Bradley WillAnn Hackett, in reminding me to write this column, encouraged me by saying, “Once you complete this, you are all done with your work on Vestry!” So, instead of the usual ‘thought for the month,’ which is usually shared by my Vestry colleagues, maybe I’ll share my thought for the past three years.

For those of you who do not know me, I served as an ordained parish minister in the Evangelical Lutheran Church of America for about 17 years. When I left parish ministry to become a clinical therapist, I made a vow to myself that there are three things I would never do again: 1) Work with a youth group; 2) Attend an annual parish meeting; and 3) serve on a governing board of a congregation. Those of you who do know me, know that I have now done all three here at Grace.
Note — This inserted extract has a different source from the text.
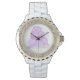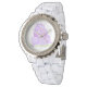 I had two concerns when ordering this watch - one that the watchband didn't look that glittery and two that the dial would be too large. Neither was a problem at all. The watch band is nice and glittery for a touch of bling. As to the size, I have small bones so I tend to like smaller looking accessories and I am quite comfortable with this. Neither too large or too small. The outside edge to edge on the dial is 1 1/4" the inside image is 1 inch.
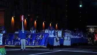 La procession du Falun Gong incluait la Fanfare de la terre divine et un char pour promouvoir la tournée mondiale de la Divine Performing Arts (DPA). Selon Mme Zhang, les pratiquants sont venus de Houston, Dallas et Austin, et ils espèrent que davantage de personnes se renseignent au sujet du Falun Dafa et du spectacle de la DPA par le biais de ce défilé.

The phrase, “Never say never” comes to mind. I now vow to never say “never” again. I have served in these ways, not just because I love irony, but with joy and gratitude for the ways that I have been blessed by this congregation, and one of the greatest blessings for me is to see this congregation be such a blessing to the community.

My service on the Vestry has been challenging for me. Sometimes the meetings are long. We have to make difficult decisions. We have had many long discussions about finances, which is not my favorite topic, nor my greatest gift.

However, serving on the Vestry has been a tremendous gift. I have become much better acquainted with people I honor and admire. The Senior and Junior Wardens during my tenure on Vestry: Bob Foote, Barb Klugh, Kerry Nelson, and Greg Hagan are a good sample of the type of high quality people who serve on vestry. The four newly elected members (Jeff Tibbits, Eddie Grimm, Sue Kelly, and Michael Mittelstaedt) and returning member (Nancy Flowers) are also good examples, and I regret I won’t get to serve with them in the coming year! The Vestry takes very seriously the charge to pray for the parish, and every gathering of the Vestry exudes love and dedication to the congregation. And I am most pleased to serve on the Vestry when an issue of outreach ministry, especially the Jubilee Ministries, is discussed. We have spent very little time on the question of if we should support the ministry, and instead spend significant time on how we should support our outreach ministry efforts.

So, please know that your Vestry truly loves you and prays for you. No one on the Vestry asks for thanks, but please offer it anyway. Be confident that, even if you disagree with a Vestry decision, it was made prayerfully, with love and care. And know too that I am grateful that I have had the opportunity to serve on the Vestry, and to continue to be a part of the community known as “Grace.”